Sounds From the Strings of my Heart
The Last Time - May 2004
A sequel to "The First Time - May 1956"

by: Cas Garcia

She was sixty three. She was buried on a hilltop in a new cemetery in Cagayan de Oro. Her's was the only grave there. And there was a skinny solitary tree hovering nearby. I like to think that she enjoyed the view and the gentle breeze that softened the summer heat.

We went there last May, my classmates and I. We stopped by their house to pick up her husband who would direct us to the cemetery. Her husband showed us her old pictures and some newer ones. I saw that she kept some of mine. I even saw her graduation picture with all that makeup to make the nose look narrower, the eyebrows thicker, and the eyelashes longer. She gave me a copy in an envelope with the letters SWAK which meant "Sealed With A Kiss". I lost my copy when my mother-in-law's house in Golden Ribbon burned down.
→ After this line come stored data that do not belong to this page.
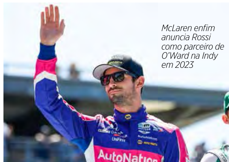
McLaren enfim anuncia Rossi como parceiro de O'Ward na Indy em 2023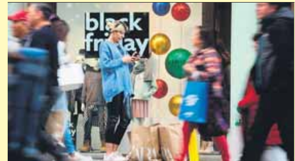
Ambient de compres al centre de Barcelona, ahir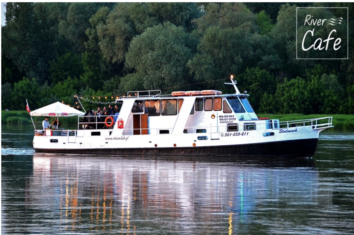
Statek „STALMACH” jest zarejestrowany na 50 osób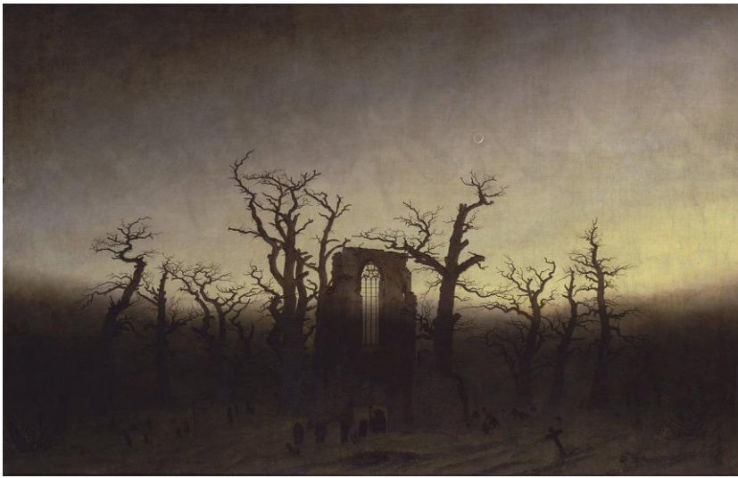
FRIEDRICH, Caspar D., 1809/10: "Abtei im Eichwald" (Abadía no enciñar). Óleo sobre lenzo (110,4 x 171 cm.), Staatliche Museen zu Berlin.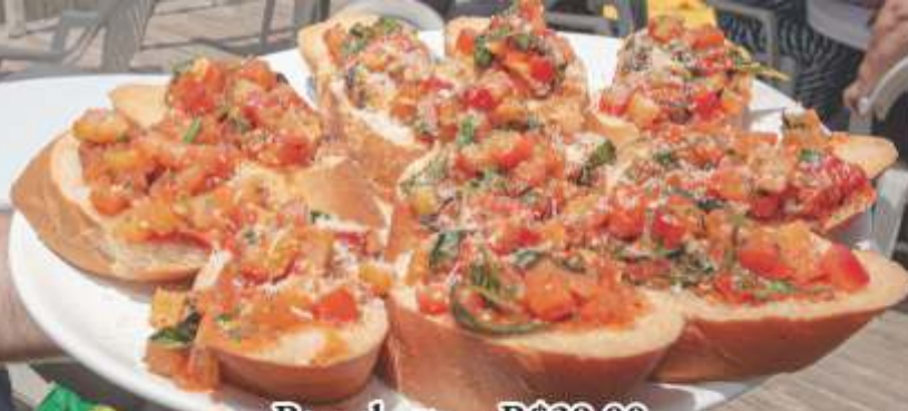
Bruschetta - R$39,00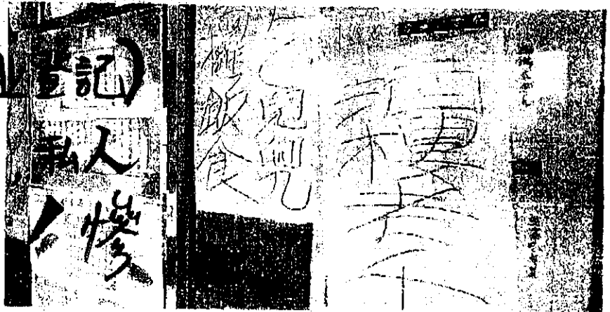
酒樓老干 酒樓僱主突然失蹤，被拖欠薪金的員工，在店門貼上「酒樓老干，乞兒兜搵飯食」的大字報。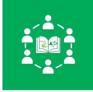
Toplumda Çevre Okuryazarlığı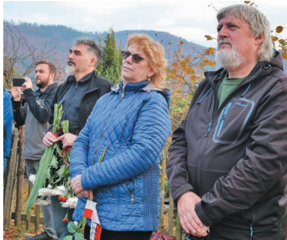
• Przedstawiciele MK PZKO i Rodziny Katyrzkiej.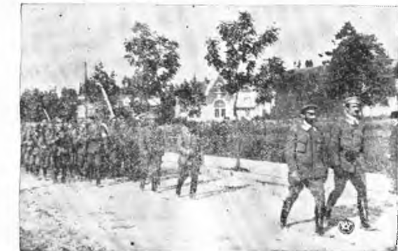
Pierwsza kmp. szkieletu, która na rozkaz Józefa Piłsudskiego wymaszerowała pod dowództwem Tad. Kasprzyckiego w dniu 6 sierpnia 1914 r. z Oleandrów w Krakowie ku granicy rosyjskiej

— „Gdy wyprowadzał was — mówił w drugą rocznicę wymarszu Pierwszej Kadrowej Józef Piłsudski do swych żołnierzy — z murów nieulnego w wa-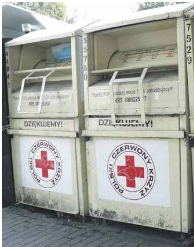
Kontener PCK przy ul. Kościuszki w Tarnowskich Górach. Jest porządek, ale czy wkrótce mieszkańcy nie będą tu podrzucać tekstyliów, które powinny trafić do PSZOK-u?

- Akurat jechałam do Miedar, więc tylko nadłożyłam trochę drogi. Była sobota, trafiłam na kolejkę. Zajęło mi to więc trochę czasu. Co z oso-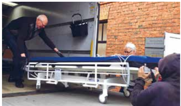
En "sjukhussäng" till en man som vårdas i sitt eget hem.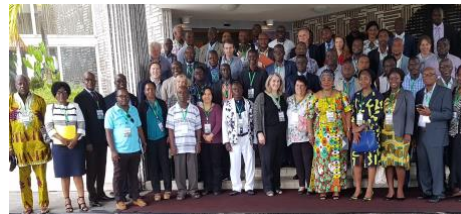
Cumbre GTF, Libreville, Gabón - junio de 2018

Las PYMES están en gran medida excluidas de los principales foros y procesos nacionales e internacionales centrados en la deforestación. Sus voces se ven ahogadas por operadores más grandes que tienen diferentes prioridades. Por lo tanto, los programas de cumplimiento legal y sostenibilidad deben responder a las necesidades de las PYMES y estar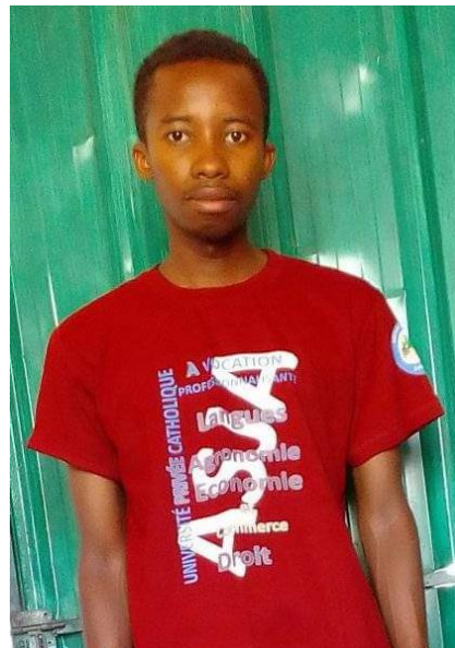
I nostri borsisti presso Athénée St Joseph in Antsohihy (ASJA)...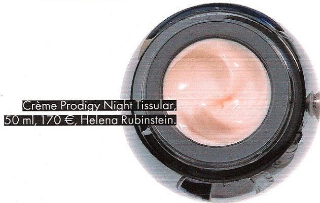
Crème Prodigy Night Tissular, 50 ml, 170 €, Helena Rubinstein.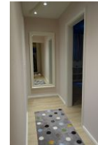
Der Flur führt rechts ins Schlafzimmer, links ins Spielzimmer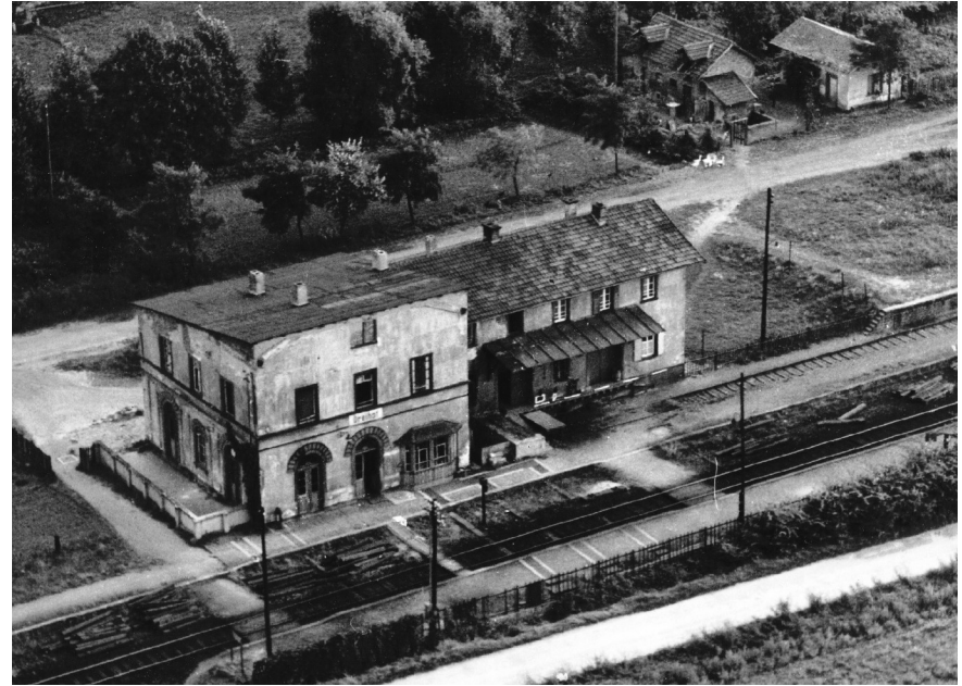
Bahnhof Dreihof 1944

Her husband was gaunt and had hollowed cheeks, He took care of her for quite a while. She had been bed-ridden because of a lingering illness. He attended to even her most basic needs. He understood that I needed a closure of my own. He understood that we were both lucky for having been a part of her life. My share was that awkward peck on the cheek and a puppy love that lasted but for a fleeting moment. Yet she left a dent in my heart that has lasted a lifetime.

He was a very gentle man. I watched this frail figure tenderly, gingerly whisk away some dead leaves from the marble marker of her grave. My heart really went out to him. I fought hard to hold back the moisture that was condensing in my eyes. My parents always told me that tears and crying are only for the weak. I failed them that day.

We went back to Butuan in a somber mood. My classmates and I swore we would see each other as often as possible. We know that the last time we met may very well be the last time we would ever meet.

It was a perfect Butuan twilight. The sun had just set. I looked up for my stars. There were none. And for the first time in my life, I really felt old. There, buried on a hilltop, under that skinny, lonely tree, was my youth. I stuck my face out of the van's window and whispered so only she could hear, "Mila, good bye".